Speaking to the Newbury Weekly News after the inquest, Mr Herring’s father Martin said that his son’s death had left a hole in the lives of everyone who knew him.

He said: “He was a tremendous son, brother and friend.

“He touched the hearts of everybody who came in contact with him.

“We are going to miss him every day.”  

Mr Herring, who was accompanied by his wife Jayne, daughter Gemma and his son’s friend Carl Luckins at the inquest, said that more than 200 people had attended his son’s funeral.

“I didn’t realise he had so many friends,” he said. “He was a very much-loved guy.” 

The family said that the first Ashley Herring memorial ride out will be held on Saturday, June 2.

The event will raise funds for the air ambulance and Help for Heroes, as Mr Herring had dreamed of joining the Parachute Regiment after finishing his apprenticeship at Volvo Truck and Bus in Basingstoke. 

More than 70 people have committed so far and organisers are expecting around 200 to join in. 

The ride will start at Newbury Retail Park at 7pm, taking in a 30-mile route out to Hungerford and then to Penwood, finishing back at the retail park. 

All vehicles are welcome and people wanting to attend can visit the The Ashley Herring Annual Ride out Facebook page or email AnnualRideOut@gmail.com 

In a statement released after Mr Herring’s death, his family said: “Ashley was the life and soul of any event. He always had something funny to say. The one to make everyone laugh.

“He died doing what he loved. Pushing the limits.

“Always in our hearts, never forgotten. Love always Mum, Dad, Gemma and all that loved him.
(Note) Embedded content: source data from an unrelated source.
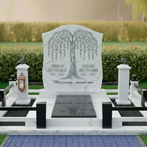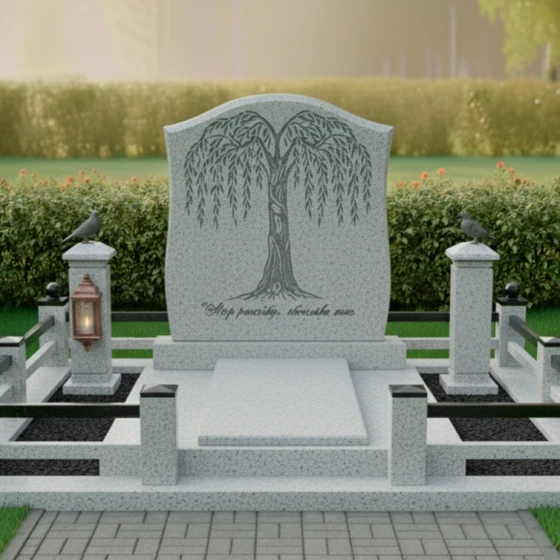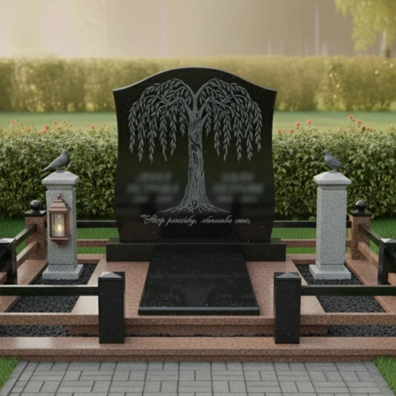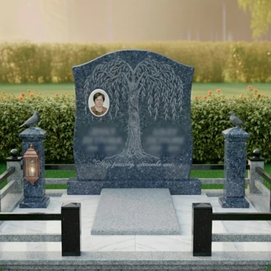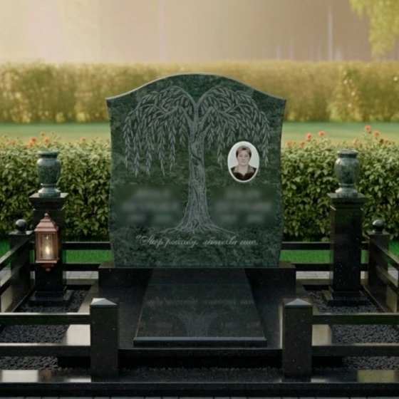 Особое внимание в этой модели уделено возможности персонализации. Гранитный монумент (Артикул: ПН 060) доступен в восьми великолепных цветовых решениях, что позволяет подобрать камень, который наилучшим образом отразит характер и индивидуальность усопшего. Среди них: семь видов гранита – глубокий амфиболит, благородный Балтик грин, таинственный Блю Перл, классический Габбро-диабаз, теплый Дымовский, величественный Лезниковский и светлый Мансуровский, а также изысканный мрамор Тассо. Каждый из этих камней обладает своим уникальным рисунком и оттенком, что делает каждый монумент поистине неповторимым. На гладкой, полированной поверхности плиты идеально будет смотреться портрет, выполненный методом гравировки или фотокерамики. Благодаря выбранной форме памятника, для портрета остается достаточно места, чтобы разместить его гармонично, не нарушая общую композицию с плакучим деревом. Возможно также нанесение эпитафии, которая будет прекрасно читаться на фоне полированного камня. Весь участок благоустроен с особым вниманием к деталям. Монумент установлен на основательный гранитный цоколь, который придает всей конструкции дополнительную массивность и устойчивость, создавая четкие границы мемориального комплекса. По периметру участка расположен низкий, но прочный каменный бордюр, выполненный в едином стиле с основным монументом, который не только эстетически завершает композицию, но и упрощает уход за местом захоронения. Надгробная плита, выполненная из того же материала, что и основной памятник, создает единое, законченное пространство, исключающее необходимость в регулярной прополке и уходе за почвой. По углам цоколя возвышаются массивные каменные столбики, увенчанные сферическими навершиями, которые придают композиции торжественность и завершенность. С одной стороны, на столбике размещен элегантный фонарь-лампадка, выполненный из металла со стеклянными вставками, который символизирует негасимый свет памяти. С другой стороны, на аналогичном столбике, восседает фигурка птицы, возможно, голубя или ворона, добавляя композиции философского смысла и утонченности. Это комплексное решение для благоустройства, где каждая деталь гармонично дополняет друг друга, создавая место вечного покоя, достойное памяти.
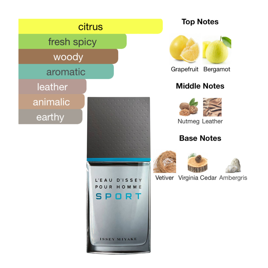 L'Eau d'Issey Pour Homme Sport by Issey Miyake is a Woody Aromatic fragrance for men, launched in 2012. It was created by Jacques Cavallier. This fragrance is designed to convey the emotions of sport—breath, energy, and adrenaline—expressed through an intense freshness of citrus and a deep woody structure.
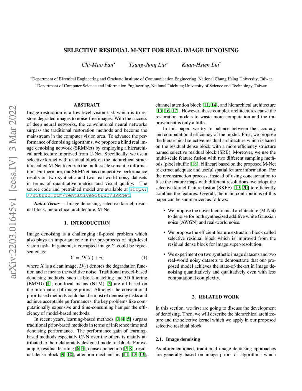 Image restoration is a low-level vision task which is to restore degraded images to noise-free images. With the success of deep neural networks, the convolutional neural networks surpass the traditional restoration methods and become the mainstream in the computer vision area. To advance the performanceof denoising algorithms, we propose a blind real image denoising network (SRMNet) by employing a hierarchical architecture improved from U-Net. Specifically, we use a selective kernel with residual block on the hierarchical structure called M-Net to enrich the multi-scale semantic information. Furthermore, our SRMNet has competitive performance results on two synthetic and two real-world noisy datasets in terms of quantitative metrics and visual quality. The source code and pretrained model are available at https://github.com/TentativeGitHub/SRMNet.
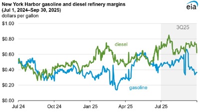 Refinery margins. Diesel crack spreads—a measure of the refinery margins for diesel—at New York Harbor reached a high of 85 cents per gallon (gal) in July, its highest level since February 2024 and almost double the crack spread from the same time last year. This rise was partly in response to elevated pressure from international markets as geopolitical tensions threatened supplies from Middle East refiners. These pressures eased going into August, and diesel crack spreads fell as low as 60 cents/gal, dropping below the previous five-year (2020–24) average. Diesel crack spreads began to climb slowly again in September. This climb partly reflects renewed international pressure on distillate markets following disruptions to Russia’s distillate production and a Russian ban on diesel exports following attacks on its refineries.
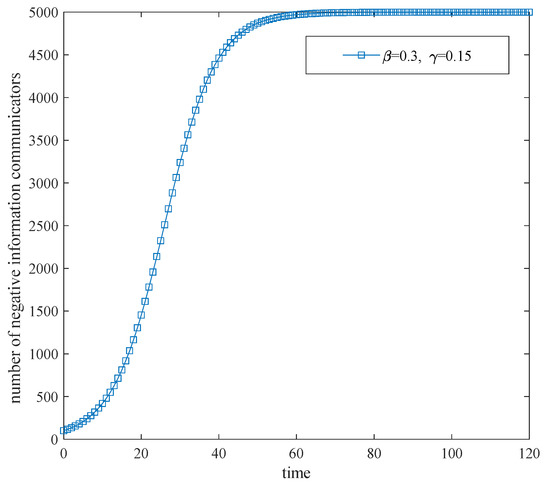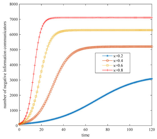 In Figure 5, the negative emotion x is set to 0.2, 0.4, 0.6, and 0.8 according to the sequence of equal differences. This trend shows the influence of different negative emotion thresholds on the speed of public opinion. In Figure 5, it can be inferred that the higher the negative emotion is, the higher the growth rate of the number of negative information communicators will be. However, no matter how large the level is, it will reach the upper limit, and thus it will enter a stable period. After that, it will turn into a stable period, which means that the spread of COVID-19 public opinion will reach a stable state in a short period of time. In Figure 5, when the negative emotion level is above 0.2, the number of negative information communicators is positively correlated with the level value. As the negative emotion x increases, the amount of negative information communicators along with the speed and intensity of public opinion diffusion will be increased. When the negative emotion level is below 0.2, the base of communicators will be small. This means that at this level, the activity of COVID-19 public opinion dissemination continues to weaken, and the movement of public opinion dissemination gradually stops over the time. Consequently, the supervision of negative emotions plays a crucial role in the prevention of public opinion. Through a variety of measures, the level of negative emotions and users’ information anxiety should be reduced. Only in this way can public opinion avoid being aggregated and evolved into a high-risk diffusion stage.
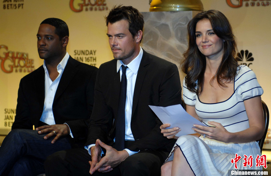 當?shù)貢r間12月14日凌晨,第68屆美國金球獎提名名單揭曉!秶醯难菡f》、《社群網(wǎng)戰(zhàn)》和《斗士》領跑電影類獎項提名。圖為好萊塢明星、湯姆·克魯斯的妻子凱蒂·霍爾姆斯宣讀提名名單。中新社發(fā) 張煒 攝
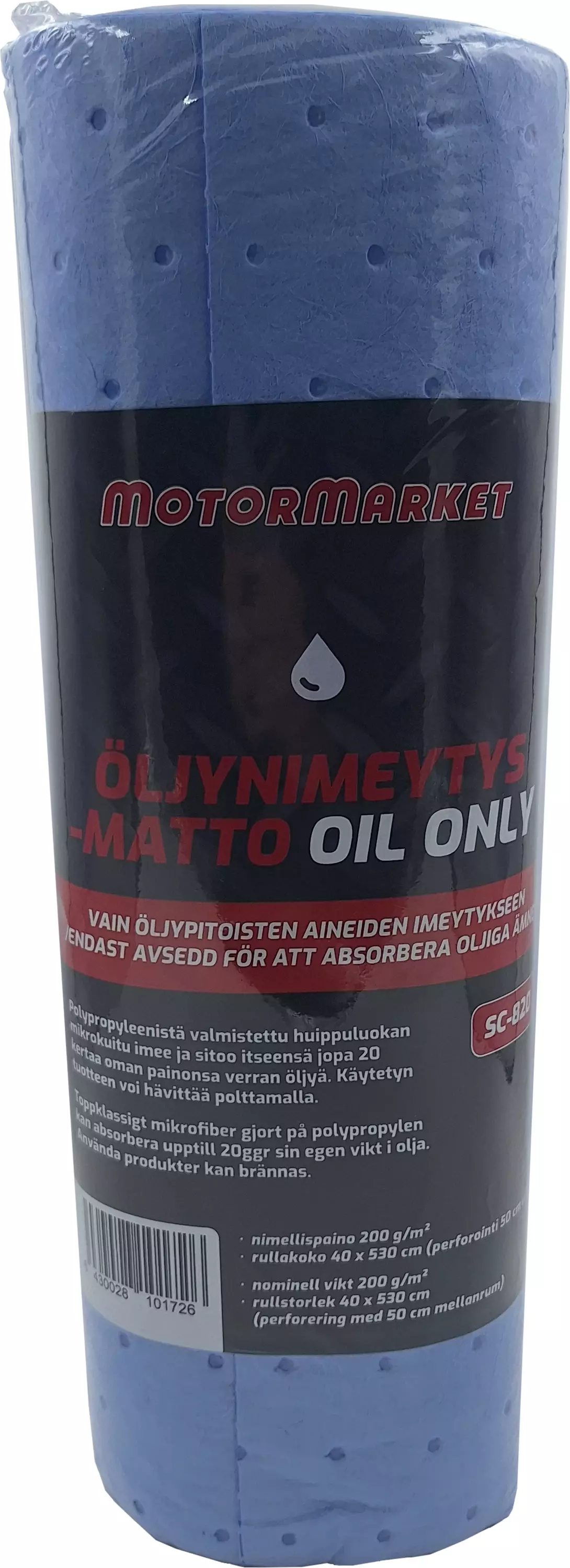 Vain öljypitoisten aineiden imeytykseen. Polypropyleenistä valmistettu huippuluokan mikrokuitu imee ja sitoo itseensä jopa 20 kertaa oman painonsa verran öljyjä. Käytetyn tuotteen voi hävittää polttamalla (tarkista määräykset).
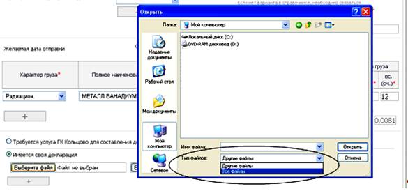 Если в поле «Характер груза», планируемого на отправку, выбрано одно из таких значений, как «опасный», «радиационный», «радиационный тяжеловес», «скоропортящийся», «животные», «груз200», откроется возможность прикрепить и отправить документы необходимые для оправки данного характера груза (декларации и другие сопроводительные документы, подтверждающие безопасность груза).
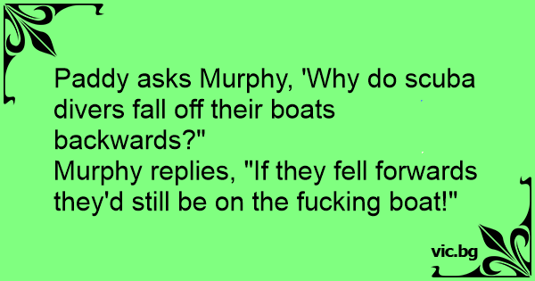 Раddy asks Murphy, 'Why do scuba divers fall off their boats backwards?"
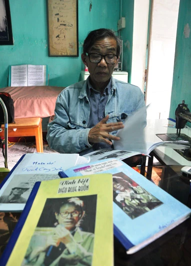 Vừa bước vào nhà, đập ngay vào mắt chúng tôi là bức chân dung Trịnh Công Sơn khổ lớn treo ở phòng khách. Hai bức ảnh của Trịnh chụp với Khánh Ly, Dao Ánh được treo bên cạnh. Trong chiếc tủ kính ở một góc tường, ông trưng bày đầy đủ các loại sách vở, tranh ảnh, đĩa nhạc liên quan đến Trịnh Công Sơn. Tất cả được trân trọng, gìn giữ như một góc kỷ niệm quý giá của gia đình mình. Chính ông cũng thừa nhận: “Tôi là một tín đồ đắm say, chung thủy với Trịnh Công Sơn. Đến chữ viết tôi cũng thích viết theo kiểu chữ phăng của ông”.
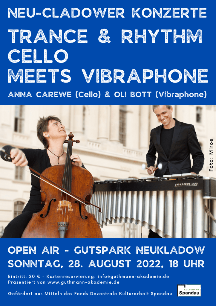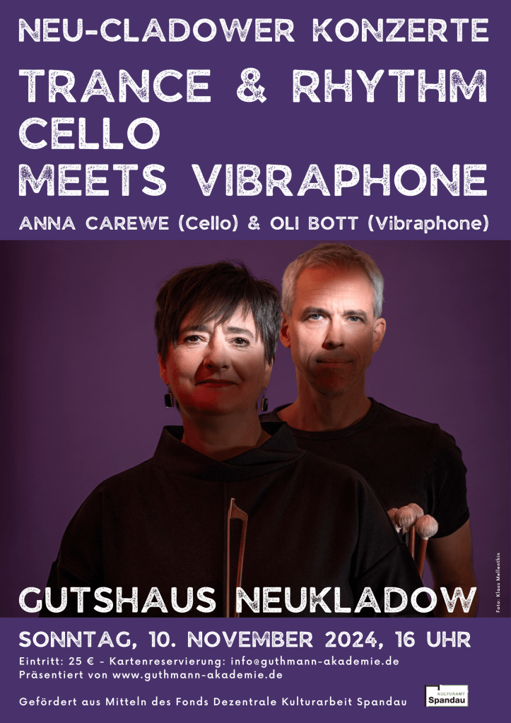 Nach ihrem fulminanten Open Air im Gutspark Neukladow freuen wir uns sehr, die Cellistin Anna Carewe und den Vibraphonisten Oli Bott erneut in Neukladow begrüßen zu dürfen – diesmal im historischen Musisaal, wo das Duo am 10. November 2024 um 16 Uhr seine brandneue CD Trance & Rhythm vorstellen wird, die jüngst bei Hänssler Classic erschienen ist, von der es in der Presse heißt:
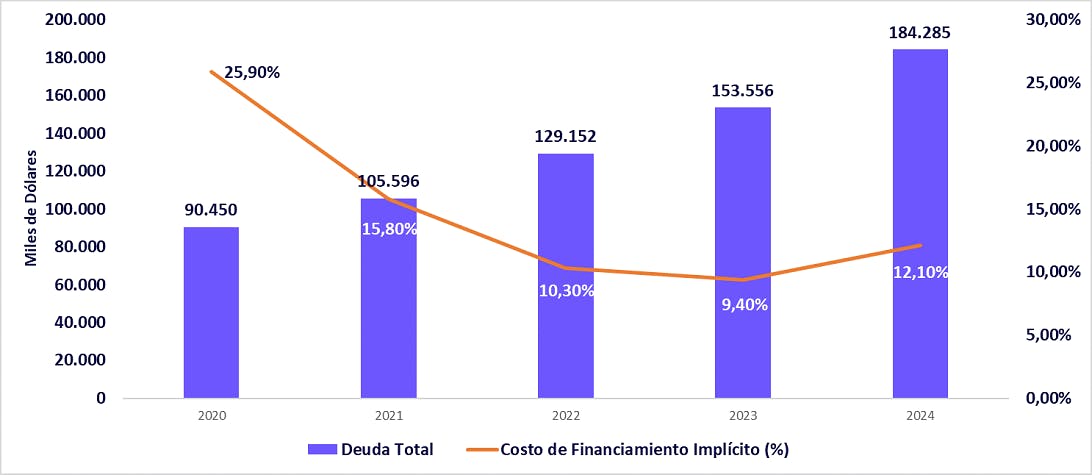 - A junio 2024, la deuda alcanzó USD 184 millones, de la misma, USD 23 millones corresponden a deuda con relacionadas arrojando una relación Deuda Neta/EBITDA de 3,1x y un EBITDA/Intereses financieros de 2,0x. Aunque la deuda total ha incrementado en términos absolutos, el índice deuda/EBITDA se mantiene en un nivel manejable, y la compañía espera seguir fortaleciendo su estructura de capital para reducir el impacto de los costos financieros y mejorar su flujo de caja.
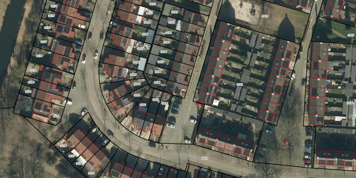 Gebruik de zoekbalk of klik op een perceel voor informatie over de adressen binnen dit perceel.
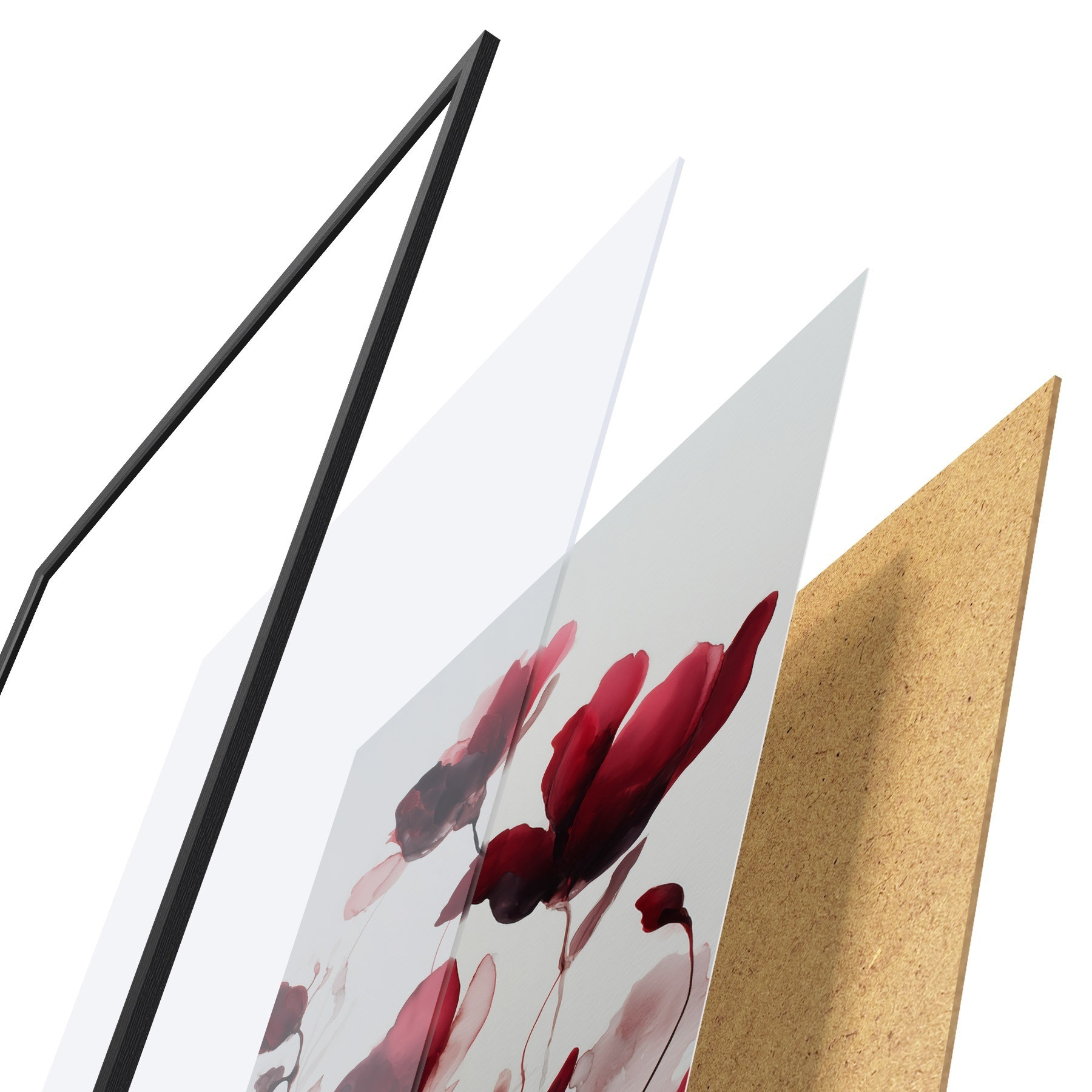 Plakát se skládá z rámu, plexiskla, tištěného obrazu a dřevotřískového podkladu. Díky úchytům na zadní straně lze plakát ihned zavěsit na zeď.
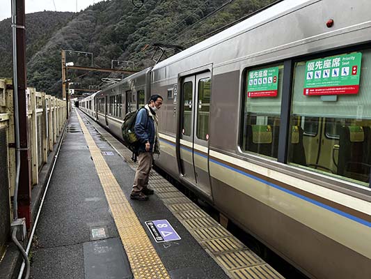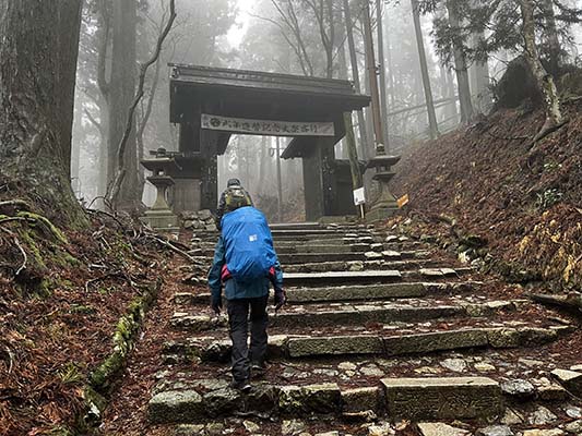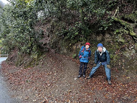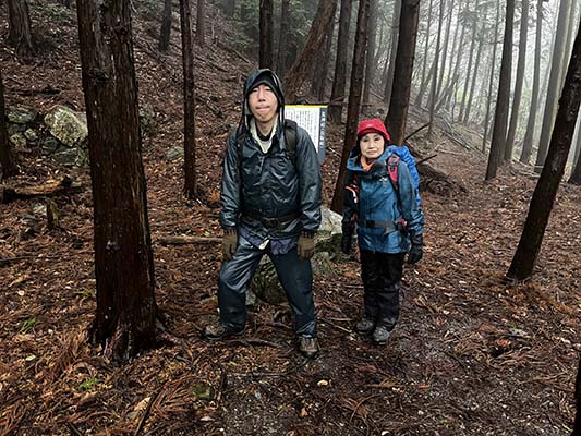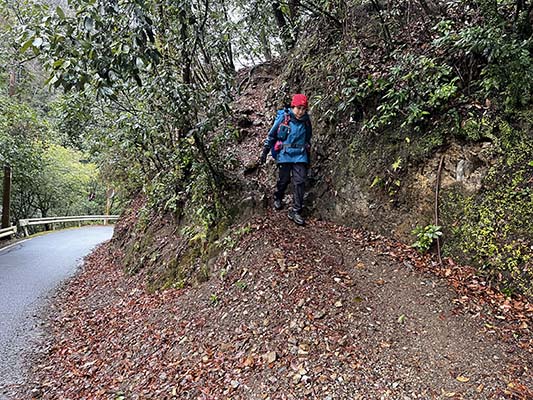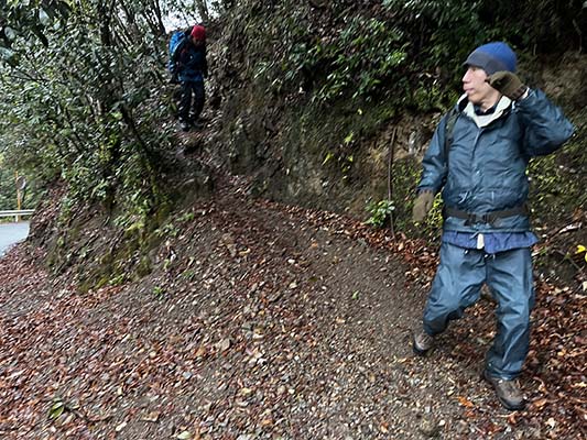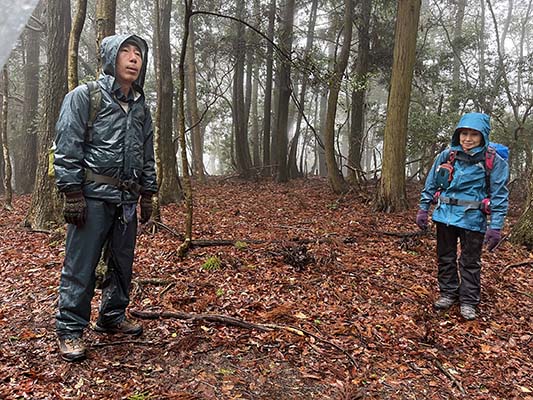 保津峡駅に降り立ったマウンテンサポートやまやのメンバー、この時点では雨は降っていなくて、尾根の突端から急な岩道を登ります。
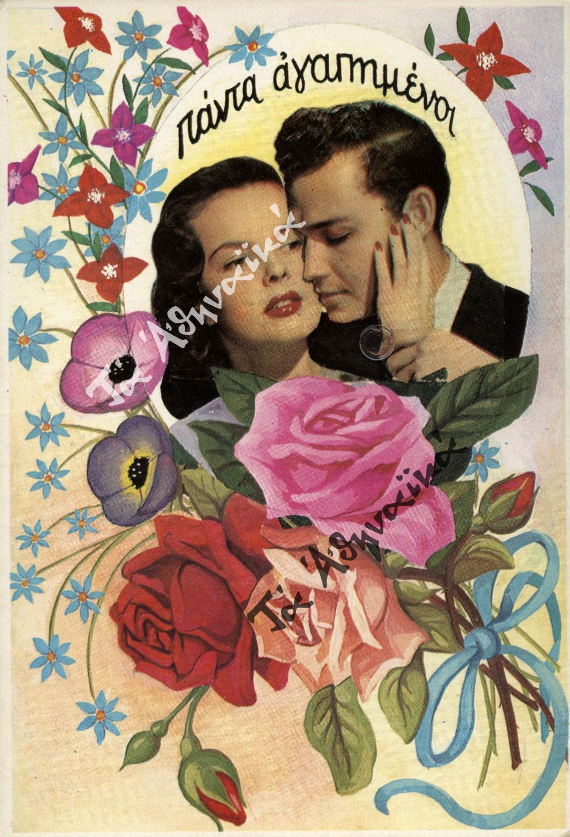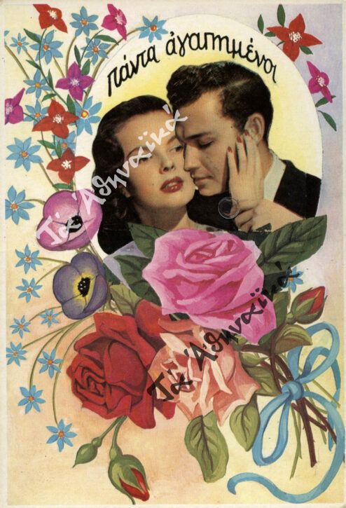 Ελληνική ευχετήρια κάρτα με την ευχή «πάντα αγαπημένοι» από τη Συλλογή Εφήμερων Αγγ. Παπαγγελή του «Συλλόγου των Αθηναίων».
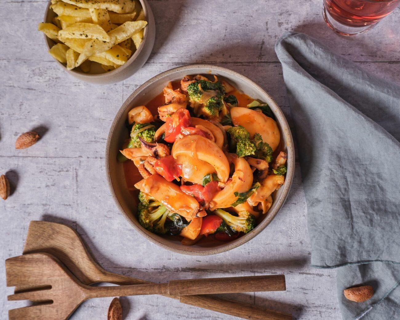 Cuttlefish in Tomato with Collard Greens and Broccoli served with French fries

Xxx”

The inquest heard that, as Mr Herring negotiated the bend, the sun would have been directly ahead of him and the bike’s rear brake had been applied. 

The coroner quoted the investigating officer’s report: “I can’t rule out that the cause was a distraction or short period of inattention, but the position of the sun is a significant factor.

“It would have impacted on his ability to see the road ahead and judge the bend.”